M/B: ASRock B660M Steel Legend

CPU: 12th Gen Intel® Core™ i3-12100

RAM: 2x4GB Crucial DDR4 2133MHz

Array: 4x6TB Toshiba NAS HDD (1 parity+3 disks)

Cache: WD 1Tb NVMe SSD

The current OS version is 6.10.3

 

Plugins:

Community applications, GPU statistics, Intel GPU Top

 

Dockers:

Plex

 

Issue:

The system crashes after random time according to the following sequence :

1. the WebGUI is no longer accessible (login page not reachable)

2. if I see it early enough, I can still use the keyboard on the NAS to do some command. But powerdown has no effect as it seems to indefinitely loop

3. if I do not see it early, the keyboard and screen connected to the NAS are frozen as well, and no command can be done locally.
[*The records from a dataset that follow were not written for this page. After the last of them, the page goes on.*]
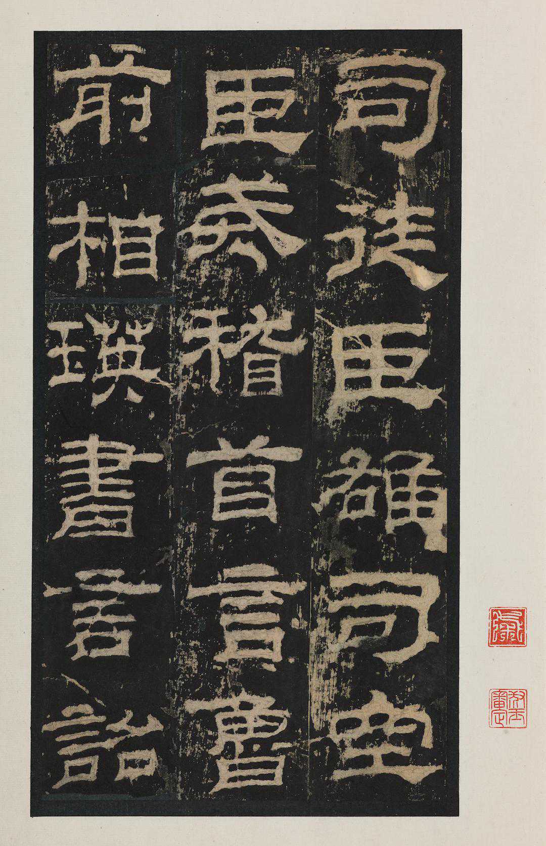 汉魏碑刻中的明拓善本,是戚叔玉碑帖收藏的一大特色,颇见珍品。此册系张德容二铭草堂旧藏,碑阳、阴全,十一行“春秋行礼”之“秋”字基本完好,首笔未损,十二行“增异辄上”之“增”字“日”部中横完好,下未连石花,应属明拓“秋”字本中的早本。前有张德容、郑孝胥、张伯英、戚叔玉题签,后有咸丰七年(1857)张德容题跋,又有宝熙题跋。明拓多见墨色伤浓者,此本则毡墨至精,字口清晰,且“前后碑一律,固是甲观”(宝熙跋语),洵为不可多得之善拓。
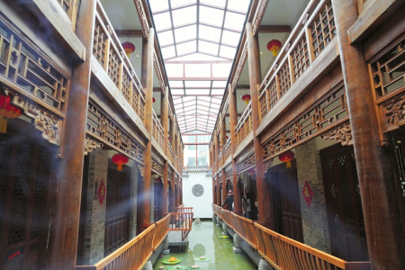 走進觀山曉筑,別有洞天。建筑風格古色古香,居中長長一池清泓,錦鯉、綠龜、卵石、荷花各自成趣。青磚墻雕既有北方莊重,水系綠植又有南方院落的靈致。房間裝修簡約古樸,窗窗都有風光。
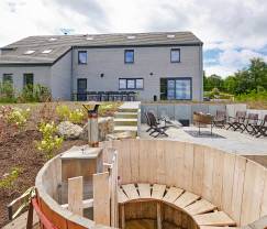 Buiten word je verrast door de ruime privétuin en een privéterras met een adembenemend uitzicht. Hier kun je straks genieten van de houtbarbecue, ontspannen bij de vuurkorf of in de hottub! Voor de speelvogels is er een petanqueveld en fietsliefhebbers zullen blij zijn met de beveiligde fietsenstalling.
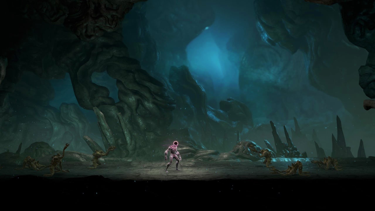 GRIME – 2,5D метроидвания с развитой боевкой. Играем за обнаженного гуманоида с черной дырой вместо головы. Персонаж умеет временно увеличивать её размеры и всасывать туда врагов. Поглощение недругов делает героя сильнее и даёт ему новые способности. Окружение тут разнообразное. Есть пещеры, города, пустыни и т. д.
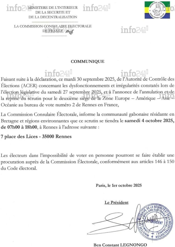 La Commission consulaire électorale de France a confirmé, dans un communiqué transmis ce mercredi 1er octobre à Info241, la reprise du scrutin législatif pour le deuxième siège de la Zone Europe – Amérique – Asie – Océanie. Cette reprise intervient après l’annulation du vote du 27 septembre dernier à Rennes, suite aux irrégularités et dysfonctionnements relevés par l’Autorité de contrôle des élections (ACER).

4. in any case, a hard powerdown/reset is necessary.

 

I've been following these users who had similar issues:

In september, my NAS was taking my all network down, just like this user. I was in 6.11. I downgraded to 6.10 AND also connected the NAS through only 1 GiG port on my routern and no longer the 2.5G port. I don't know which solved what, but my network was fine after that, but UNRAID kept crashing.

 

I found this suggesting the RAM was faulty: 

I tested mine thoroughly (10 passes with MemTest), and found nothing.

 

Others found the dockers were the culprit with a bad setting with IPs: 

I changed my docker settings from macvlan to ipvlan. It has been stable for some 15 days, but after that, crashed again.

 

 

During all this time, I had the log being saved into the USB flashdrive. Here is the full one (66Mb, sorry...): https://drive.google.com/file/d/1747Qm_1qJOaK1x9BwnpWFg7e-eiHGcSE/view?usp=share_link

 

I thought also this could have an issue with the mover, but it seems not, as the crash occurs at random times.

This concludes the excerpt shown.